The real work is done in the layout file. It is responsible for collecting all the posts belonging to a particular year. Below is the Liquid code that does just that. The layout file also contains a bit of html to display the posts.

1
2
3
4
5
6
7
8
9
10
11
12
13
14
15
16
17
18
19
20
21
22
23
24
25
26
<html lang="en">
    {% include head.html %}
    <body>
        {% assign posts = site.emptyArray %}

        {% assign pageYear = page.dir | split: '/' %}
        {% assign pageYear = pageYear[1] %}

        {% for post in site.posts %}
            {% assign postYear = post.date | date: '%Y' %}
            {% if postYear == pageYear %}
                {% assign posts = posts | push: post %}
            {% endif %}
        {% endfor %}

        <h1>Posts from {{ pageYear }}</h1>
        <ul>
            {% for post in posts %}
            <li>
                {{ post.date | date: "%b %-d, %Y" }}
                <a href="{{ post.url | prepend: site.baseurl }}">{{ post.title }}</a>
            </li>
            {% endfor %}
        </ul>
    </bodoy>
</html>
Figure 2: Liquide code for generating an archive page for a particular year.

The {% include head.html %} on the second line is there to create a valid <head> section. The important part is on lines 4–14. A number of variables are automatically included when the page is being generated. These variables can be used during the liquid templating execution. The page variable contains a dir, which tells us the path of the page being generated. In our case this will be /2017/ for the first directory.

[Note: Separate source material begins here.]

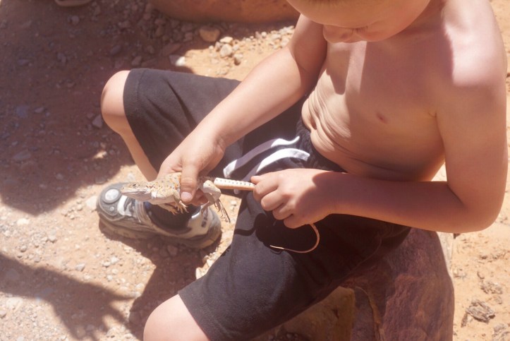 Samuel and I wanted to fit in one more hike before hitting the road again so after Delicate Arch we drive to the Devil’s Garden Trailhead.  We had the goal of reaching Landscape Arch, the largest arch in the world, but maintained the potential continuing on to see the Double O Arch or the Dark Angel, which were a much farther hike.  The hike to Landscape Arch was an easy, relatively flat 1.5 miles, however the difficulty significantly increased by continuing on to the Double O Arch, not only due to the increased mileage (4.1 miles round trip) but also for elevation gain and steep drop offs.  Landscape Arch itself was just as stunning as Delicate Arch as it also seemed to defy nature but in a different manner. It seemed unreal that this massive arch could withstand its own bulk as it seemed to stretch horizontally.  After spending a bit of time soaking in this sprawling arch we chose to turn back in lieu of continuing on, as we had both started to get hungry. On the walk back we were able to observe several critters as a young boy caught a rather large lizard and a huge gopher snake crossed the path right in front of us. I had quite the start as the young girl next to me emitted a blood curling yell and ran back the opposite direction at the firs sight of this lengthy snake. Once we reached the start of the trailhead, we overheard an interesting conversation from a nearby family and found out the park had actually closed around 9:30 am due to reaching their quota of visitors.  We were indeed thankful that we got up so early! Unfortunately for this family, they were separated from a second half of their group that chose to go get a late breakfast before the entering the park.
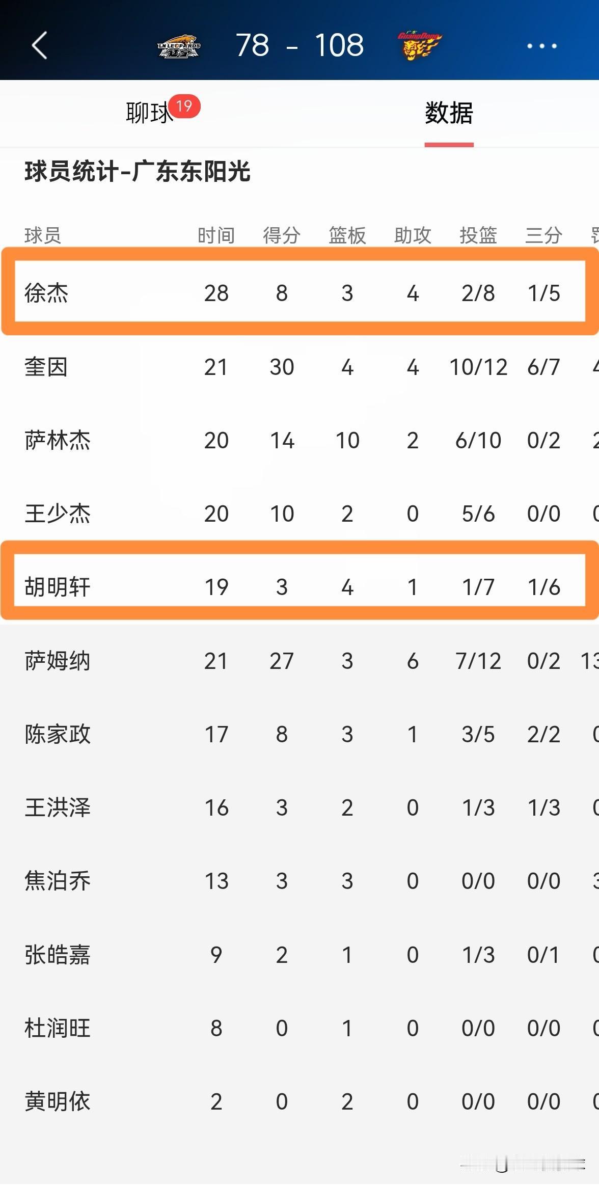 广东东阳光双子星徐杰和胡明轩真是太会来事了!在今天广东东阳光客场以108:78大胜辽宁本钢的比赛中,徐杰和胡明轩深知对手实力较弱,因此他们在比赛中双双发挥失常。 全场比赛下来,徐杰首发出战28分钟,投篮8中2,其中三分球5中1、罚球4中3非常低效的得到8分;胡明轩首发出战19分钟,投篮7中1,其中三分球6中1怒砍3分。 坦白说,辽宁本钢的球迷应该好好谢谢徐杰和胡明轩,不然的话辽宁本钢会输的更惨。

Lines 6 and 7 extract the year from the page.dir variable. This information is then used to gather all posts of that year in lines 9–14. We iterate over all posts and only collect those that match the given year. That is in lines 11–13.

The posts variables is used to store all the corresponding posts and is initialized at line 4. The configuration file contain the value of an empty array as there is no way to initialize an array in Liquid. Lines 16–24 are used to display the posts array in a list, thus rendering a valid html page containing the posts of 2017, which works nicely with GitHub pages. You can see the results for yourself.

Final Thoughts

You’ll end up with a considerable amount of directories at the root level. If this bothers you, you could add the directories to archive instead, or any other location you wish. You will need to change line 5 in the code example in Figure 2 to adjust to the new location.